Written by Gary Phillips
Art by Elena Casagrande and Giulia Brusco
Published by DC Comics
Release Date: November 23, 2016

The origin of the new age Vigilante has been rough to say the least. Death, secrets, and an explosion of your once normal life can leave you in a worse for wear state. That doesn’t stop Donny from starting his journey of revenge and training to be a hero in his own right.

The second issue of this mini-series moves both the characters and plots at a steady pace providing a mystery of just what exactly Dorrie was involved in before she died. The past and present collide when we’re introduced to Mike as “The Eastrider” that protected the streets twenty years ago.

Phillips gives everyone in the main cast spotlight to a certain degree, whether they’re proactively helping Donny in helping him become a self-sufficient hero or their searching for clues in their own right and by their own means. We’re taken across many sections of Southland big and small and the colors are put to fantastic use in each location.

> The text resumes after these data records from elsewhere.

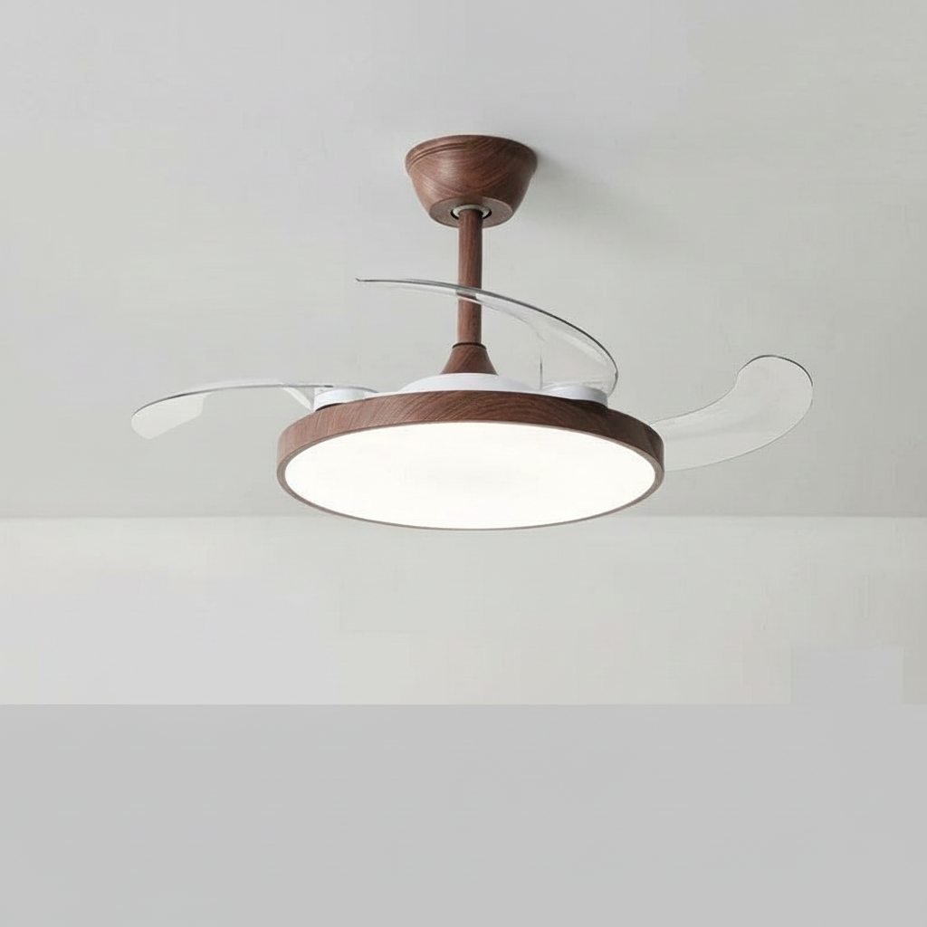 Ce modèle, en fer et acrylique robustes, présente un diamètre de 48 cm. Il intègre un éclairage LED 60W tri-couleur, non dimmable, avec une durée de vie de 50 000 heures. Ses pales sont rétractables pour une esthétique épurée, et l'ensemble est contrôlable par télécommande. Idéal pour salons, chambres, salles à manger ou bureaux.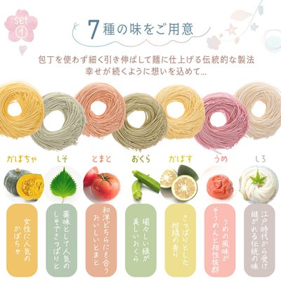 結婚や出産の内祝いに お返しのギフトセット 夫婦円満を願う縁起の良い「まぁるい」七色七味の三輪素麺。おしゃれでかわいい26種類の熨斗。笑顔いっぱい、幸せいっぱいのとっておきの贈り物です。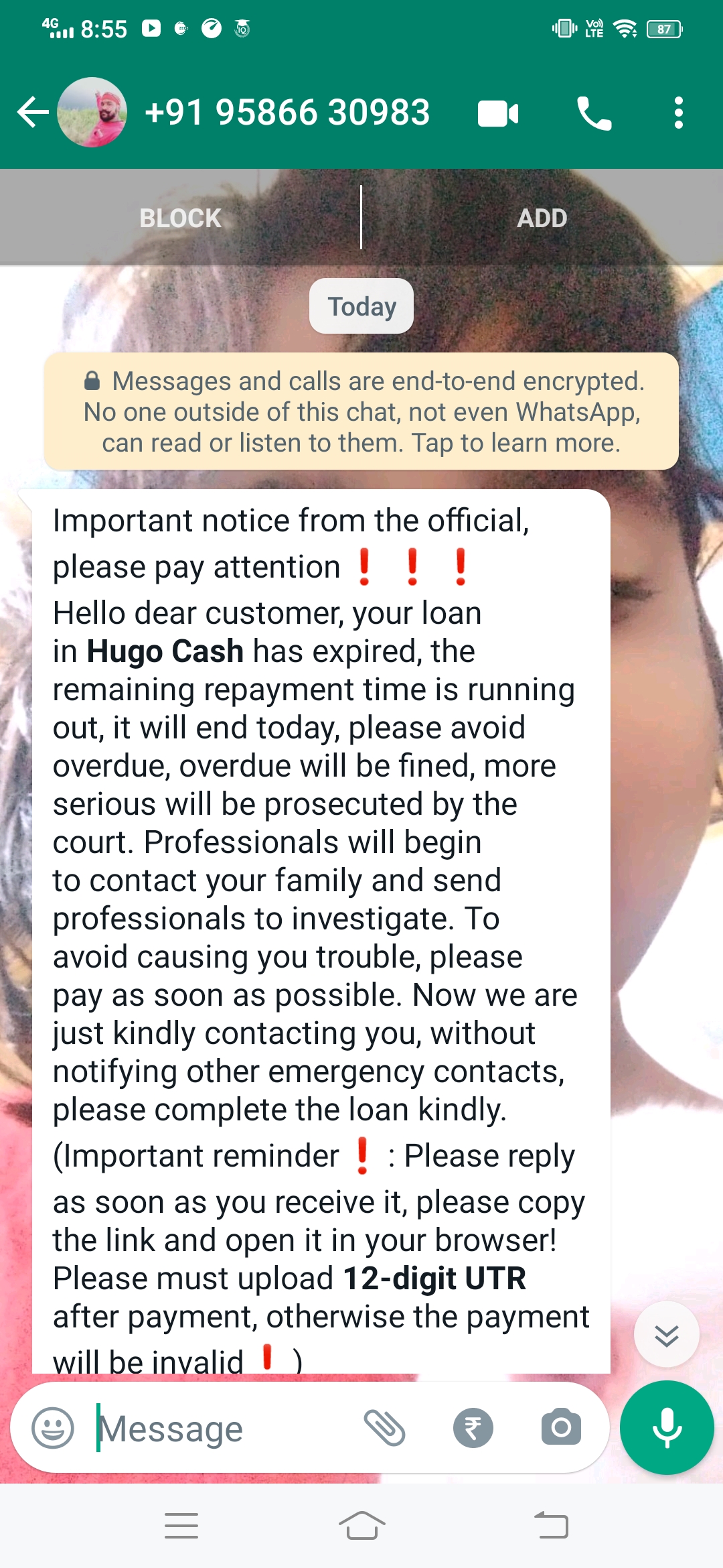 I have never applied for any loan from Hugo cash loan app.but today one message came in my WhatsApp.The message is following below.Important notice from the official, please pay attention❗❗❗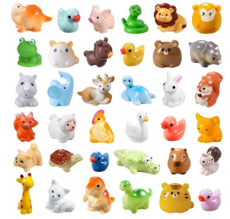 Place a few small, simple objects on the table—figures, animals, or familiar shapes. These can be used.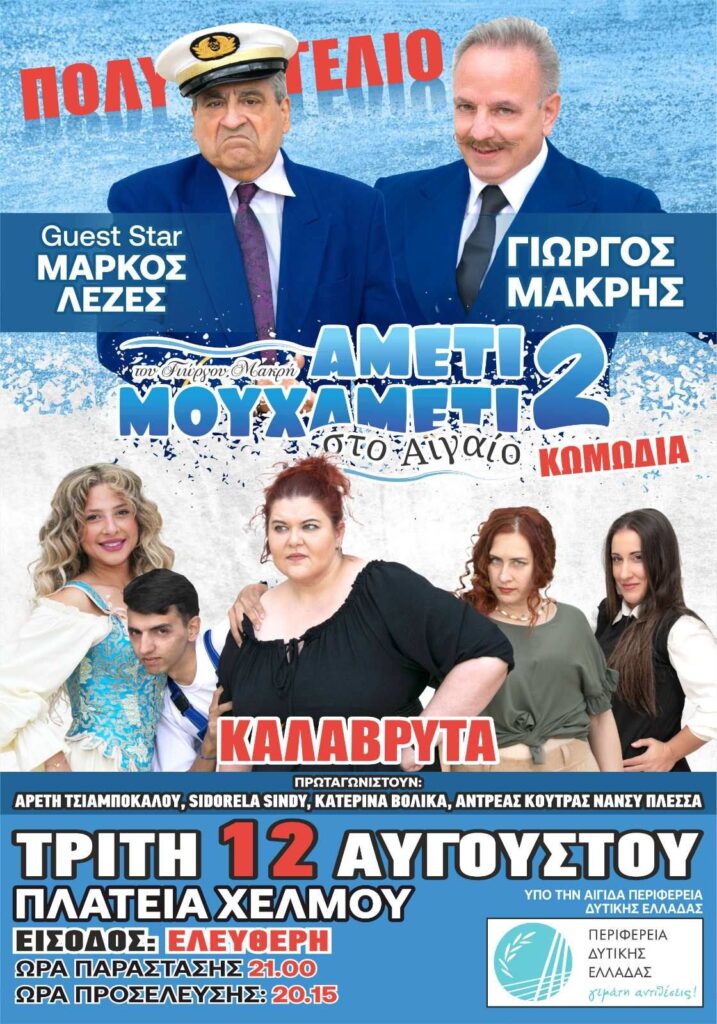 Home»Καλάβρυτα»Πολιτιστικό Καλοκαίρι 2025, Τρίτη 12 Αυγούστου, Πλατεία Χελμού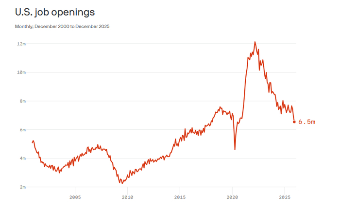 美国《国会山报》援引美国劳工统计局的数据报道称,美国2025年12月份的职位空缺数量为650万个,呈下降趋势,较上年同期减少了96.6万个。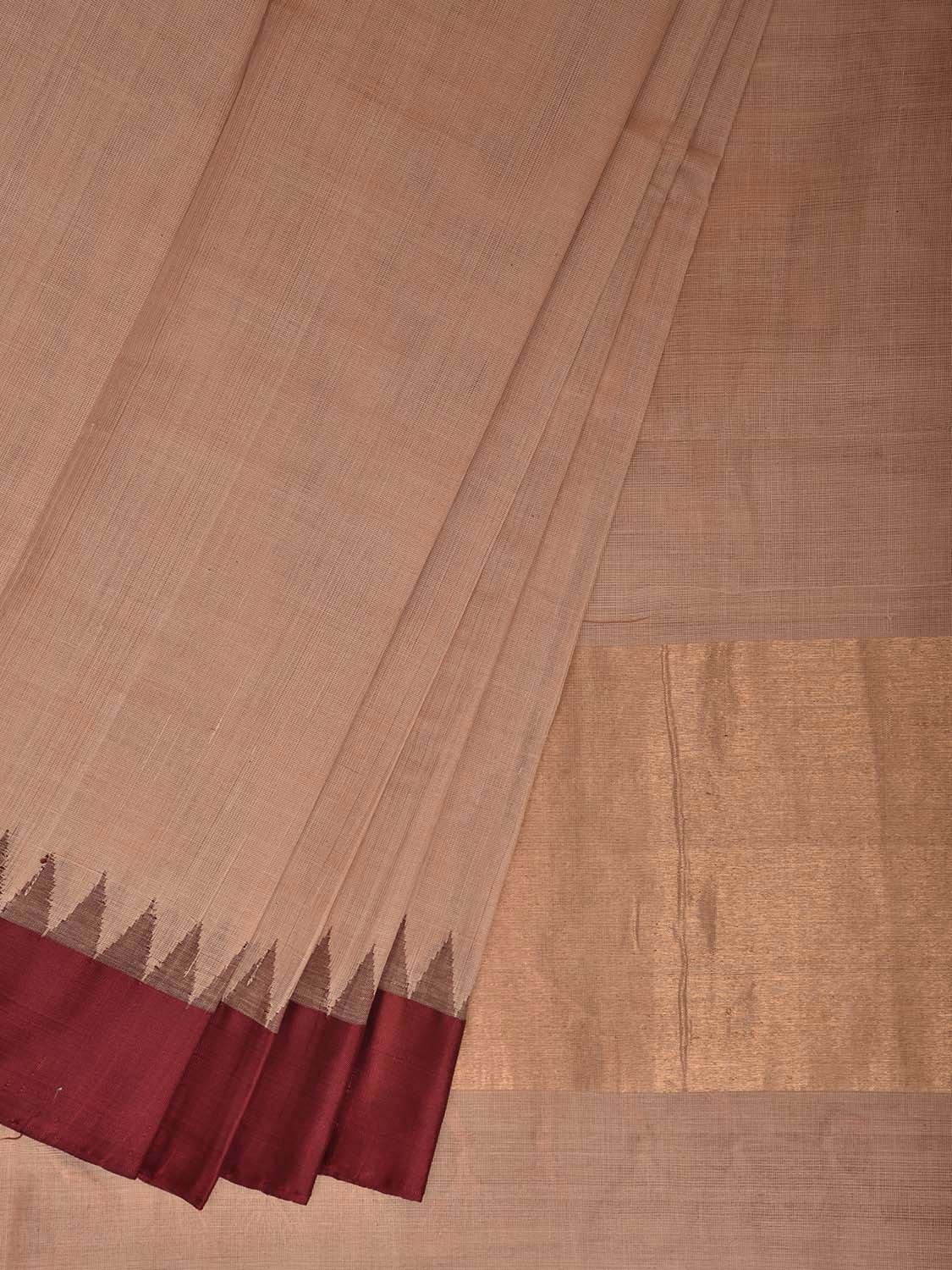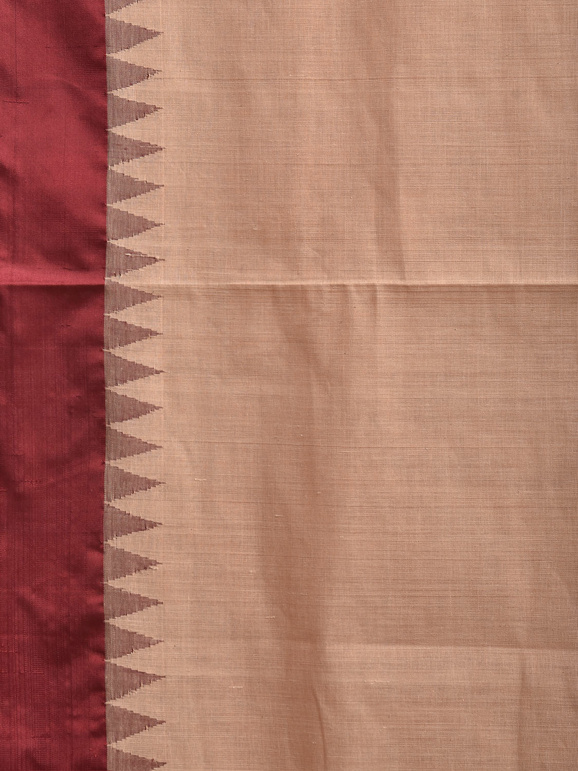 Cream and Maroon Khadi Cotton Handloom Palin Saree with Small Temple Border Design. Khadi saree is primarily woven from cotton and may also include silk, or wool. It is a versatile fabric, cool in summer and warm in winter. For fabric care we advise dry clean.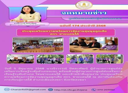 วันที่ 5 มิถุนายน 2568 นางจีรวรรณ์ ปัตตะพัฒน์ ผู้อำนวยการศูนย์ส่งเสริมการเรียนรู้ระดับอำเภอจะนะ พร้อมด้วยผู้อำนวยการศูนย์ส่งเสริมการเรียนรู้ระดับอำเภอ โซนชายแดนใต้ และเจ้าหน้าที่แผนงาน ประชุมเตรียมความพร้อมการจัดงานชุมนุมลูกเสือ สกร. ชายแดนใต้ ณ สถาบันส |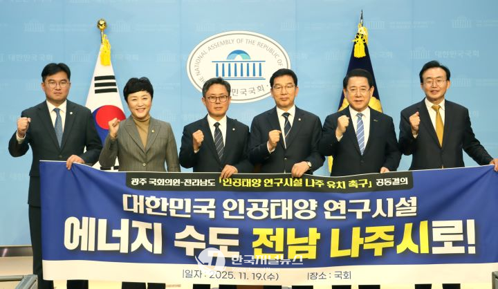 전남도는 이날 김영록 도지사, 김원이 민주당 전남도당위원장, 신정훈 국회 행정안전위원장, 박지원·이개호·조계원·김문수·권향엽 국회의원과 윤병태 나주시장 등이 참석한 가운데 국회 민주당 원내대표 회의실에서 ‘인공태양 연구시설 전남 나주 유치 전남 국회의원 공동결의문’을 발표했다. 오후에는 광주를 지역구로 둔 안도걸·전진숙·정준호 국회의원과 국회 소통관에서 공동결의문을 발표, 인공태양 연구시설 유치 노력에 힘을 실었다.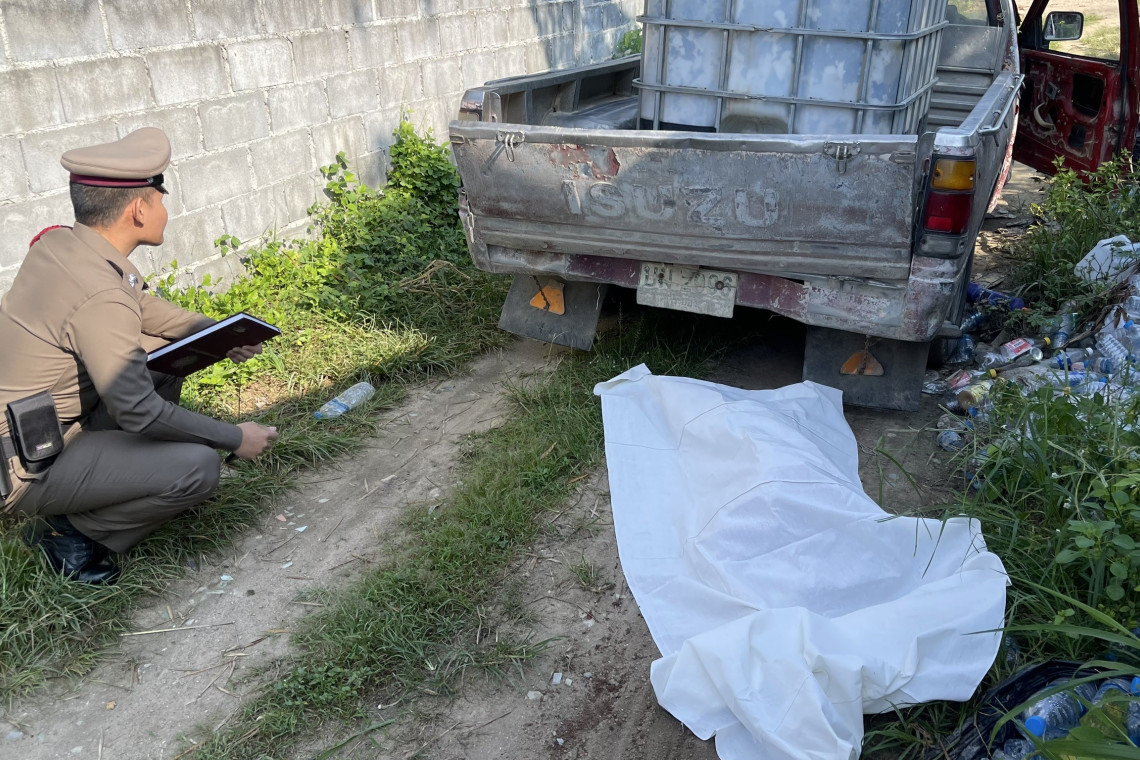 ที่เกิดเหตุ พบรถกระบะตอนเดียวสีแดง ทะเบียน บม 2996 ระยอง โดยท้ายกระบะบรรทุกถังน้ำขนาด 1,000 ลิตร ในจุดเดียวกันพบร่างผู้เสียชีวิต ทราบชื่อต่อมาคือ นางแต้ง เชื้อกลาง อายุ 84 ปี สภาพศพนอนคว่ำหน้า สวมเสื้อคอกระเช้าสีฟ้าคลุมทับด้วยเสื้อเชิ้ตสีขาวลายดอก และนุ่งผ้าถุงสีชมพู มีบาดแผลบริเวณศีรษะที่ถูกรถเหยียบจนกะโหลกและใบหน้ายุบ หลานชายวัย 25 ปี ของผู้เสียชีวิตนั่งร่ำไห้อยู่ข้างร่างยายผู้เป็นที่รัก สร้างความสะเทือนใจให้กับผู้เห็นเหตุการณ์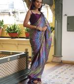 • Saree : Color- Blue / Fabric- Chiffon • Blouse : Color- Magenta / Fabric- Chiffon Saree Details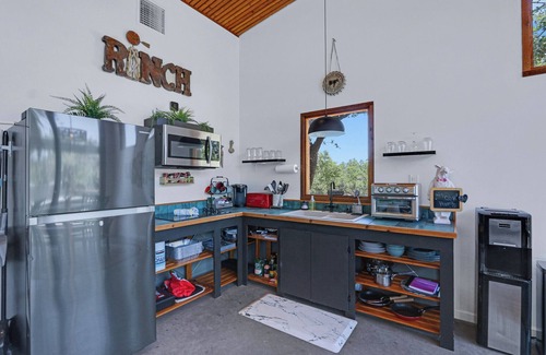 Inside, the casita boasts an open living space, thoughtfully decorated with an eye-catching wall mural that adds a touch of charm to the ambiance. The dining area, set for 4, is perfect for enjoying meals with your loved ones, and the roomy kitchen is fully equipped to prepare quick and delicious meals during your stay.
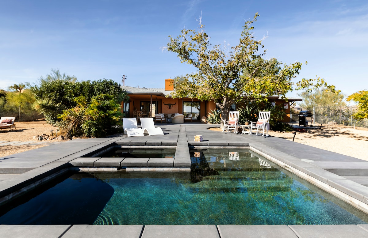As seen in Bloomberg & TIME magazine! Welcome to The Backyard at Joshua Tree! This modern luxury home is a 3 bed, 3 bath villa featuring a brand-new pool, Pickleball court, hanging daybed, fire pit, 6-seater spa, cowboy tub, ping pong table, Bocci ball pit & Tesla charger! Enjoy dinner with a beautiful view of the Joshua Tree Sunset. This thoughtfully designed modern home is close to 29 Palms Road, only a 10-minute drive to the National Park entrance & only 3min away from main street JT!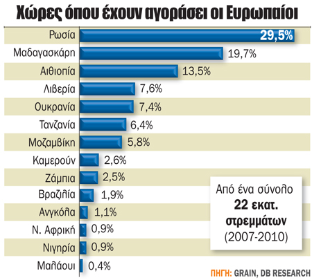 Πρόκειται για χορό δεκάδων δισεκατομμυρίων, στον οποίο συμμετέχουν πολλά γνωστά ονόματα από τον κόσμο των private equities και των hedge funds. Με αποδόσεις έως και 30% από την εκμετάλλευση τους, χωρίς να συμπεριλαμβάνονται οι υπεραξίες της γης που δημιουργούνται, και τη ζήτηση για αγροτικά προϊόντα να πολλαπλασιάζεται από τους νομοθετημένους στόχους για αύξηση της χρήσης των βιοκαυσίμων, κάποιοι μιλούν ήδη για μια νέα παγκόσμια αγροτική επανάσταση, την οποία κάνουν οι αγορές.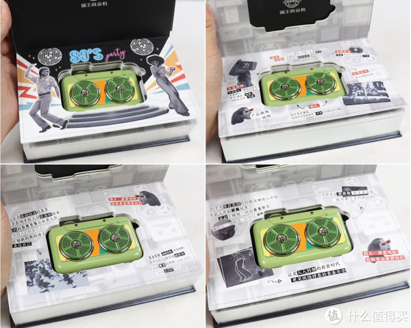 翻开包装盒,猫王霹雳唱机躺在书本中间,第一页就是80年代风格的人物装饰。

The first leg of Donny’s journey takes him to Koreatown and it features one heck of a close quarters combo against a dominatrix. Yes, it actually happens and it’s a realistic fight that puts into perspective what kind of world Philips has crafted in two issues. Vigilante fits right at home with the more grounded heroes of the DCU and existing on the fringes of the larger universe in a city we don’t normally visit or see at all helps strengthen Vigilante’s identity and character. Donny as a character is brash, tough, and courageous. He’s still learning about how to navigate this world of subterfuge and high stakes politics that could result in his demise.

Casagrande and Brusco do wonders for Phillips and his writing. The inks and colors across the board heighten the story and environment, with the Vigilante suit itself standing out with it’s black and blues against other vibrant colors across the board and in the dark. The attention to detail with characters and specifics about them or highlighted and helps them become more fleshed out and defined.

Body language and movements play a big part in how events play out and panel space is used to provide variety to what’s going on inside the pages. The art team deliver in setting up and stylizing this world of crime, grittiness, and realism.

Characters all move of their own accord either by their own doing or another force at play and it pushes the surprising developments forward to the halfway point that will be issue #3 next month. Vigilante: Southland is ramping up the action and the titular character slowly rising to the action despite the past coming back to haunt him in a way that’s all to familiar to heroes of the same cloth as him.